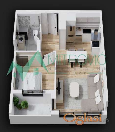 Novo u ponudi!!! Funkcionalan, dvosoban stan na I spratu moderne stambene zgrade, sa dnevnim boravkom sa kuhinjom i trpezarijom, odvojenom spavaćom sobom, kupatilom i terasom.
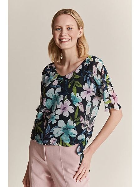 – dekolt: V- długość rękawa: półdługi – detale: ozdobne wiązanie- krój: prosty- wzór: kwiatowy
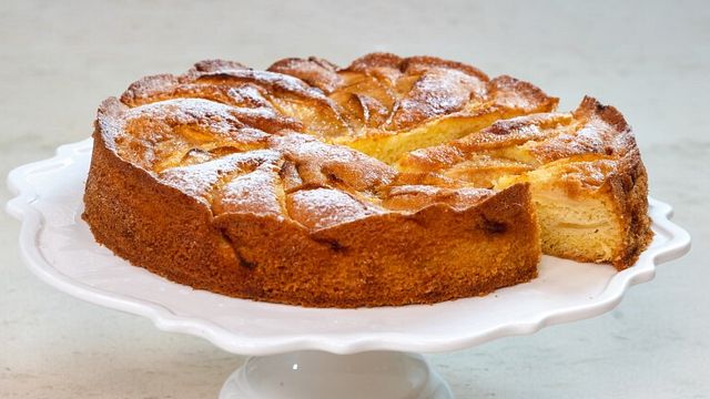 Sbucciate e tagliate a fettine 4 mele e irroratele con il succo di 1/2 limone. Lavorate 4 uova con 160 grammi di zucchero e 120 grammi di burro morbido. Il composto non dovrà risultare particolarmente spumoso ma dovrà essere lavorato bene. Aggiungete la scorza grattugiata di 1/2 limone, 160 grammi di farina in più riprese in modo da non formare grumi. In ultimo aggiungete 1/2 bustina di lievito.
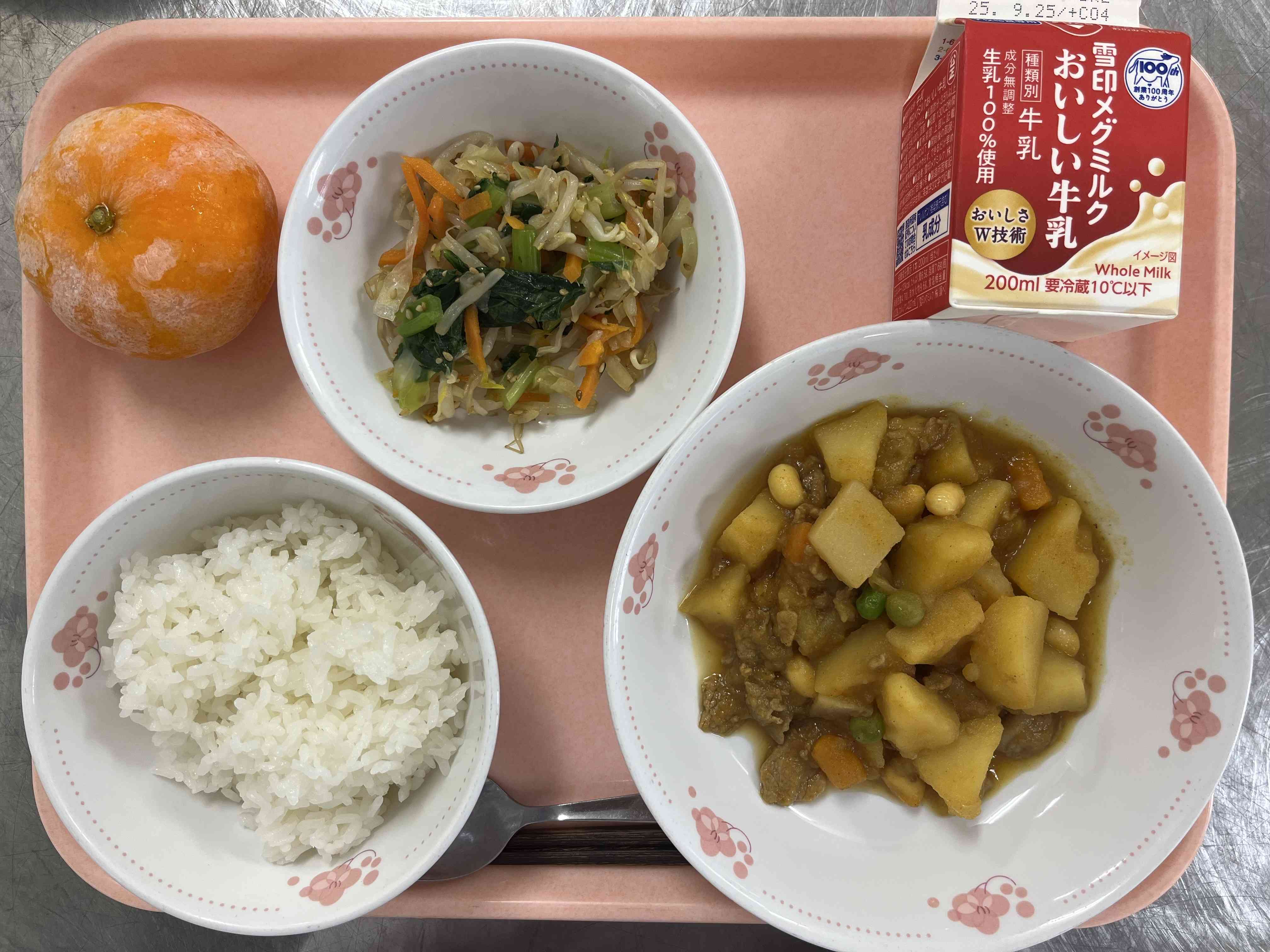 ○牛乳 ○ごはん ○カレー肉じゃが ○小松菜の和え物 ○冷凍みかん
===============
Your goal:
Reproduce the data above exactly, leaving out any picture in it.

Expected answer:
 Novo u ponudi!!! Funkcionalan, dvosoban stan na I spratu moderne stambene zgrade, sa dnevnim boravkom sa kuhinjom i trpezarijom, odvojenom spavaćom sobom, kupatilom i terasom.
 – dekolt: V- długość rękawa: półdługi – detale: ozdobne wiązanie- krój: prosty- wzór: kwiatowy
 Sbucciate e tagliate a fettine 4 mele e irroratele con il succo di 1/2 limone. Lavorate 4 uova con 160 grammi di zucchero e 120 grammi di burro morbido. Il composto non dovrà risultare particolarmente spumoso ma dovrà essere lavorato bene. Aggiungete la scorza grattugiata di 1/2 limone, 160 grammi di farina in più riprese in modo da non formare grumi. In ultimo aggiungete 1/2 bustina di lievito.
 ○牛乳 ○ごはん ○カレー肉じゃが ○小松菜の和え物 ○冷凍みかん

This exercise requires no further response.